## EXERCISE DIRECTIONS
Write out each line below precisely, passing over the pictures.

## DATA PROVIDED
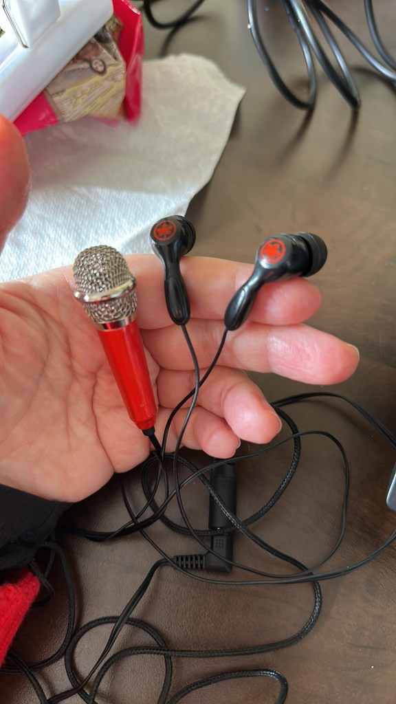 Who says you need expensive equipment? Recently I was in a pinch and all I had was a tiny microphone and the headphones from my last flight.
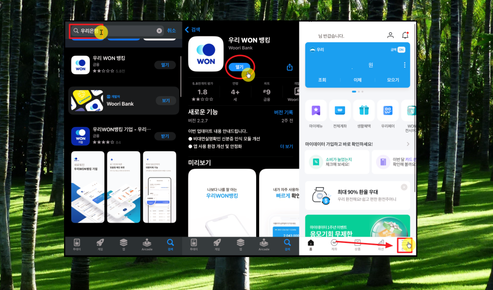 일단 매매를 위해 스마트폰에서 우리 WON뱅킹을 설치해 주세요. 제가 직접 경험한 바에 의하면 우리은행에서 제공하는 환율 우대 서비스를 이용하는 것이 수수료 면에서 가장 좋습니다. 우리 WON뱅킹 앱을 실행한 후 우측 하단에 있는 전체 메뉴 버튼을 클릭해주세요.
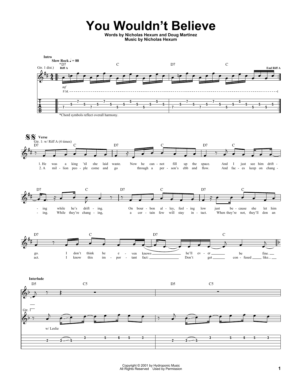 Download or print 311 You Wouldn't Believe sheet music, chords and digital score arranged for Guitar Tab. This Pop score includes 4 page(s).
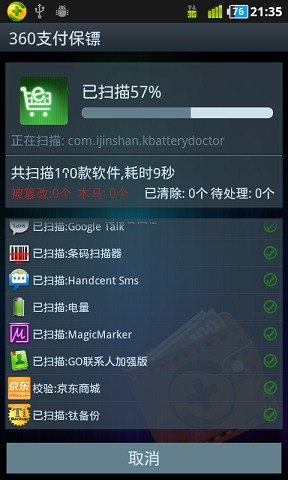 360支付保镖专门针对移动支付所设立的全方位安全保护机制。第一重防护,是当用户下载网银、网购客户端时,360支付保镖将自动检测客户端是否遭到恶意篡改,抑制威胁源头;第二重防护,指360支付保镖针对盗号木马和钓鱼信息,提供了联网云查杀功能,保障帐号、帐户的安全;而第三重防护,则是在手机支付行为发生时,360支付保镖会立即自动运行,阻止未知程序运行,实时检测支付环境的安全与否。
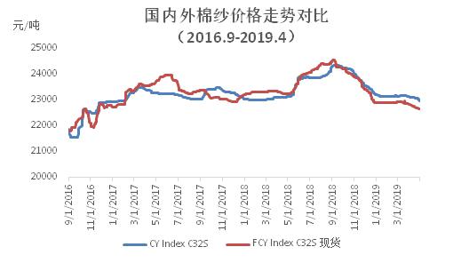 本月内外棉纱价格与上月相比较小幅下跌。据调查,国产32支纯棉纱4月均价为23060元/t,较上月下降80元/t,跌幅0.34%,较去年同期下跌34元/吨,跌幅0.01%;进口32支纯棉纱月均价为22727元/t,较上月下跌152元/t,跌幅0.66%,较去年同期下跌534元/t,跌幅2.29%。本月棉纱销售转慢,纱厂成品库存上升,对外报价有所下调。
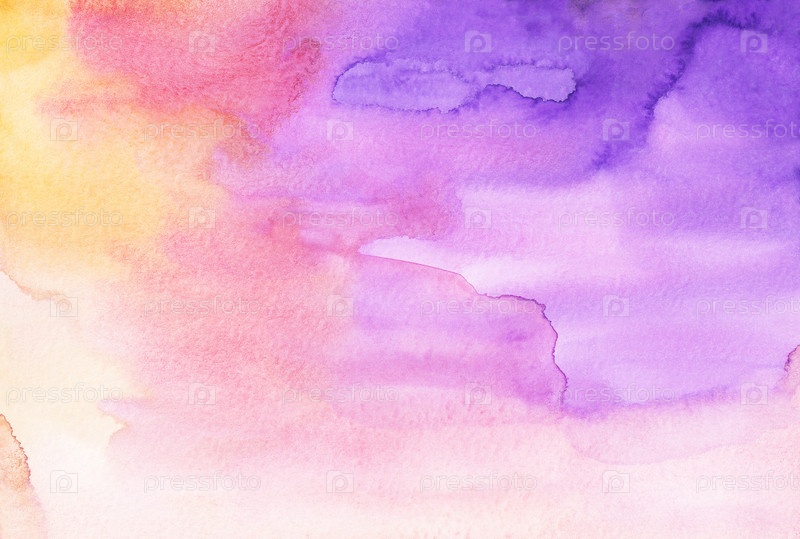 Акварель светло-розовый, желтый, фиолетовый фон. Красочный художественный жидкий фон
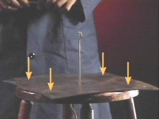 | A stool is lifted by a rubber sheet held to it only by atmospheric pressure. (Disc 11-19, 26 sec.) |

## WRITTEN REPLY
 Who says you need expensive equipment? Recently I was in a pinch and all I had was a tiny microphone and the headphones from my last flight.
 일단 매매를 위해 스마트폰에서 우리 WON뱅킹을 설치해 주세요. 제가 직접 경험한 바에 의하면 우리은행에서 제공하는 환율 우대 서비스를 이용하는 것이 수수료 면에서 가장 좋습니다. 우리 WON뱅킹 앱을 실행한 후 우측 하단에 있는 전체 메뉴 버튼을 클릭해주세요.
 Download or print 311 You Wouldn't Believe sheet music, chords and digital score arranged for Guitar Tab. This Pop score includes 4 page(s).
 360支付保镖专门针对移动支付所设立的全方位安全保护机制。第一重防护,是当用户下载网银、网购客户端时,360支付保镖将自动检测客户端是否遭到恶意篡改,抑制威胁源头;第二重防护,指360支付保镖针对盗号木马和钓鱼信息,提供了联网云查杀功能,保障帐号、帐户的安全;而第三重防护,则是在手机支付行为发生时,360支付保镖会立即自动运行,阻止未知程序运行,实时检测支付环境的安全与否。
 本月内外棉纱价格与上月相比较小幅下跌。据调查,国产32支纯棉纱4月均价为23060元/t,较上月下降80元/t,跌幅0.34%,较去年同期下跌34元/吨,跌幅0.01%;进口32支纯棉纱月均价为22727元/t,较上月下跌152元/t,跌幅0.66%,较去年同期下跌534元/t,跌幅2.29%。本月棉纱销售转慢,纱厂成品库存上升,对外报价有所下调。
 Акварель светло-розовый, желтый, фиолетовый фон. Красочный художественный жидкий фон
 | A stool is lifted by a rubber sheet held to it only by atmospheric pressure. (Disc 11-19, 26 sec.) |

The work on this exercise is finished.